Tesco CEO Phil Clarke should decline his bonus to atone for approving a senior executive's share sale a week prior to its major profit warning, according to a leading investor in the company.
Tesco said last Friday its UK chief operating officer, Noel Robbins, was unaware of the forthcoming profit warning when he sold roughly £202,000 worth of shares earlier this month.
An anonymous shareholder, cited by Reuters as a ‘top 20 investor' in the company, told the news agency Clarke should decline his bonus and called for a full account of events leading up to the share sale.
"He is in a bit of a rocky position at the moment and he is going to have to do something fairly rapidly to convince people that he has control of this company.
"It would be a nice gesture to pass on the bonus," he said.

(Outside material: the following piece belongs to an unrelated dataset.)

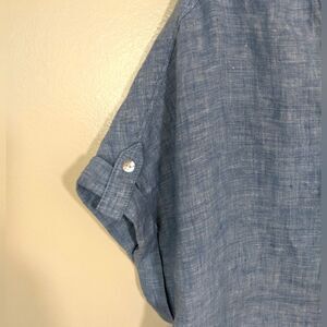 Isaac Mizrahi New York Top Blue 100% Linen V-Neck Oversized Lagenlook Small

Paul Mumford, who holds 1.9% of his Cavendish UK Select fund in Tesco, told the Telegraph the company should clarify the situation.
"The whole thing was absolutely bizarre. Absolutely incredible. I can not believe a company such as Tesco could have allowed it to happen. The whole situation has to be tidied up. If nothing else, it is such bad publicity for the company," Mumford said.
COO Robbins sold the shares on 4 January at 404.5p a share, but by 12 January Tesco's share price had fallen to 316.8p after it reported worse-than-expected seasonal sales and a worsening outlook for 2012.